Early ALS signed “Wm. H. Taft,” two pages both sides, 5 x 7.75, July 26, 1885. Taft writes from “Fenton’s” to Major H. P. Lloyd in Cleveland. In part: “Here I am, comfortably settled and as happy as a king (if indeed kings are happy at all)…. Prof. and Mrs. Hart came on the same train with me and Henry Hanna…. [In Utica] I stayed … at a very clean comfortable little hotel. There I found an old gentleman who wished to ‘go in’ to Fenton’s…. The old gentleman turned out to be Judge Foster of Rome, New York. He has been a state senator. It was when the Senate sat as a Court of Errors. He was a member of Congress in ’37 and ’38 and in ’44 was appointed by the Governor to the U.S. Senate to fill the vacancy caused by the resignation of Silas Wright. He was in the Senate with Webster, Clay, Calhoun, Tom Corwin and all of those old boys…. He told me he had made more money since leaving the bench than in all the rest of his professional life put together…. He comes into the Adirondacks each year to fish and rough it for a year [sic]…. I found that everyone was here whom I wished to see and it was not long before I was pulling a light boat over the calm surface of the lake and was looking not as much at the beautiful scenery which surrounded us as the ‘man’ at the helm…. Will Herron [evidently a relative, probably a brother, of Taft’s future wife, Helen Herron] has an explanation of that little scene of which I told you that would make a horse laugh but which I have no doubt his mother believes implicitly.
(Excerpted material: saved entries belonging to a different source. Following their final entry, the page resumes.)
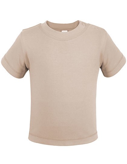 Kurzärmeliges Baby-T-Shirt | Bio-Baumwolle und soziale Standards | Druckknopfverschluss an der Schulter für zusätzlichen Komfort | Weiche und elastische Interlock-Verarbeitung | 60 °C waschbar | Reaktiv gefärbt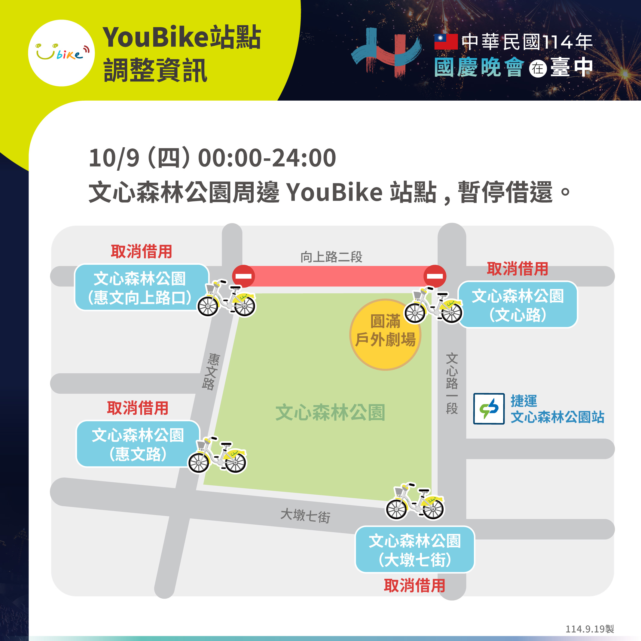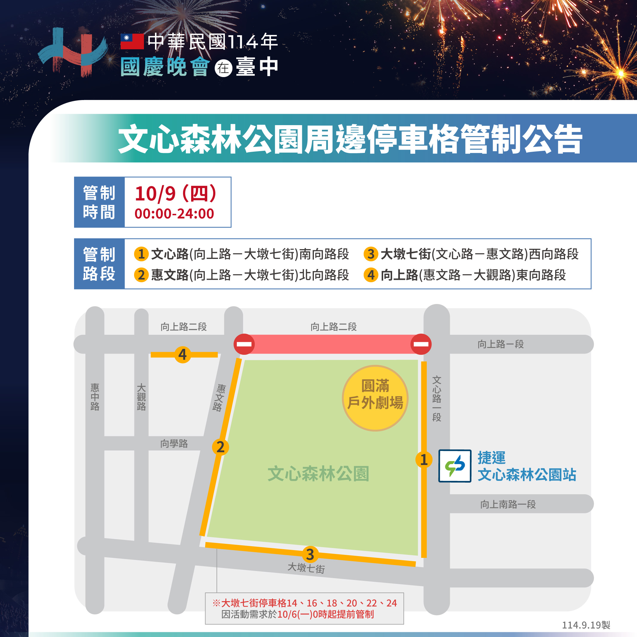 觀旅局補充,為減少交通壅塞情形,鼓勵民眾搭乘捷運、公車、台鐵、高鐵等大眾運輸到晚會現場,10月9日下午2時起,向上路二段(文心路一段至惠文路)將進行雙向封閉,同時段「向上路與惠文路口」(文心森林公園側)公車站牌取消停靠,提醒民眾可至鄰近公車停靠站搭乘。另10月9日全日文心森林公園路邊停車格(含機車格)、惠文停車場、文心森林公園附設停車場(含機車停車區)實施淨空管制,公園內YouBike站點暫停借還,相關交通管制措施將於10月10日0時起全面恢復。
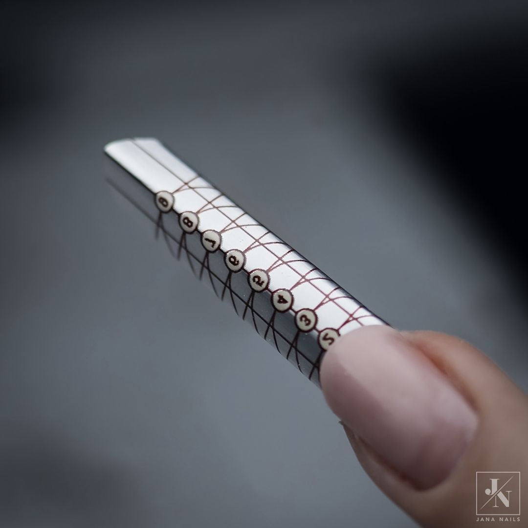 Découvrez notre nouveau moule à ongles en aluminium extra résistant redessiné. En plus du tout nouveau design, de notre nouveau look et de nos couleurs dégradées reconnaissables, ce moule en papier comporte des marquages et des guides supplémentaires pour rendre votre travail encore plus facile, plus rapide et plus précis.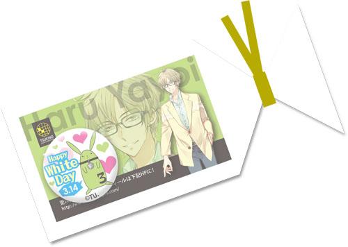 3月14日、ホワイトデー当日、アニメイトにて商品をお買い上げいただいた全ての方を対象に、3月のイメージキャラクター:弥生春(やよい はる)がプロデュースしたプレゼントの配布を行います。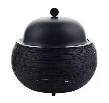 Cacerola Esférica Moderna Negra Mate con Tapa de Cúpula, Olla Térmica de Lujo para Mantener la Comida Caliente, para Servir en Mesas de Diseño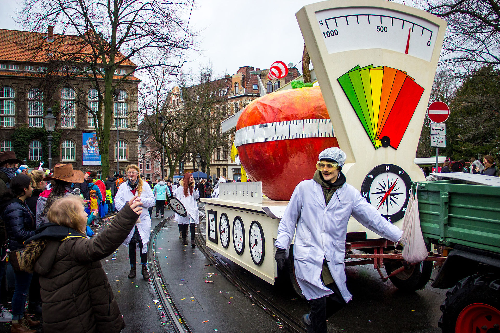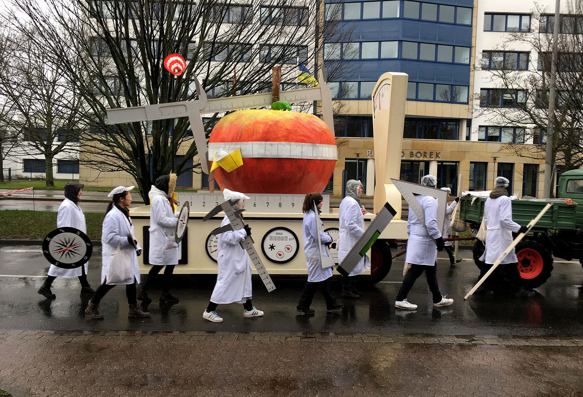 Die Fußgruppe, verkleidet als Wissenschaftler/Forscher, begleitet bei teils strömendem Regen den Wagen mit mobilen Messinstrumenten, um auch das Karnevalspublikum mit einzubeziehen. So vermessen Schieblehren, Lineale und andere Messinstrumente, Nase, Köpfe und Körper der Besucher des Umzugs.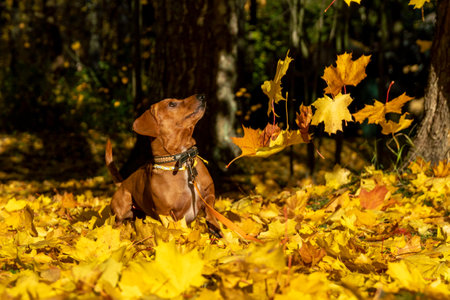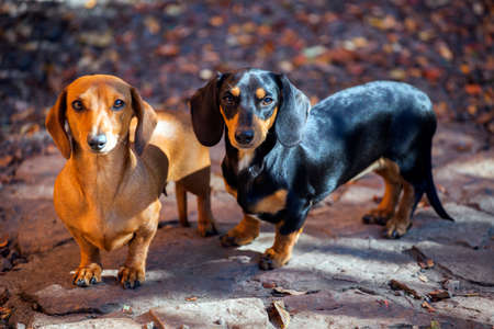 Funny dachshund dog on a walk in the park outside. Portrait close up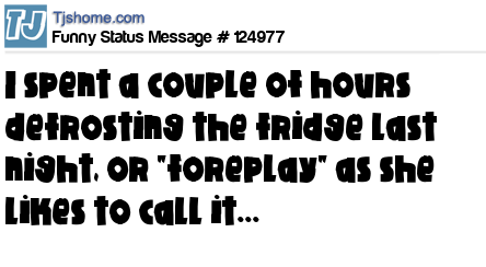 - # 135566 I had to defrost the fridge last night before bed. Or foreplay, as she calls it.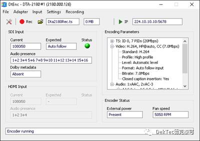DTA-2180能够被Windows应用程序DtEnc软件控制,该软件license出厂默认内置在硬件中,可免费使用。DtEnc可视化的界面允许用户选择可用的编码选项和参数,并监视编码器状态。其编码后的传输流(TS)可以通过PC端的网络端口实现IP输出,亦可以作为一个码流文件存储在PC中,或者被另一个应用程序处理。
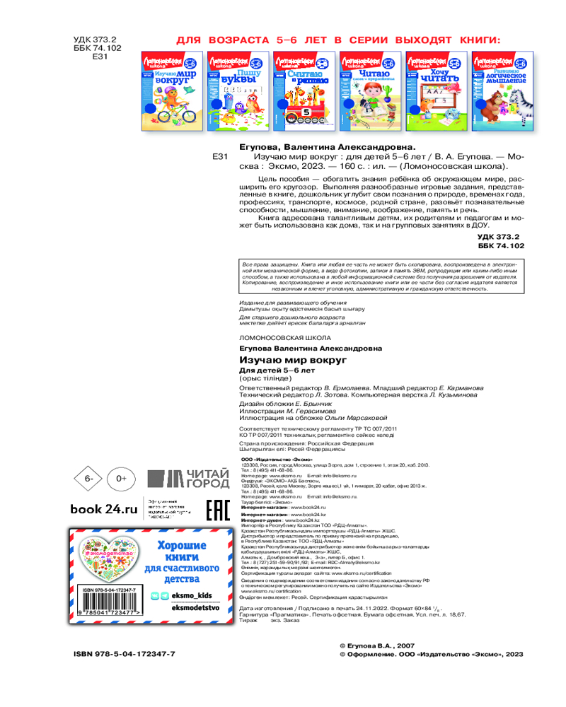 💳 Оплатить за товар можно при получении 🇰🇿 Есть бесплатная доставка по Казахстану 🎁 Копите бонусы с каждой покупки Серия: Ломоносовская школа (новое оформление) Пособие станет отличным помощником родителям и педагогам в подготовке ребенка к школе. Проверенная на практике эффективная методика будет способствовать развитию у дошкольника кругозора и познавательных способностей. |

I am not so sure about the crudity of the other girl. The excuse is something like that offered by another man ‘who was caught doing what he hadn’t ought.’ The woman gave it me [sic] and I did eat. I only laughed when Nellie [Helen Herron] told me the explanation and ventured no opinion as to its truth or force….” Taft and Herron were married on June 19 of the following year. Accompanied by the original mailing envelope addressed in Taft’s hand. Tiny edge separations at mailing folds and light show-through of text, otherwise fine condition. Taft letters of this early date are uncommon. Auction LOA John Reznikoff/PSA/DNA and R&R COA.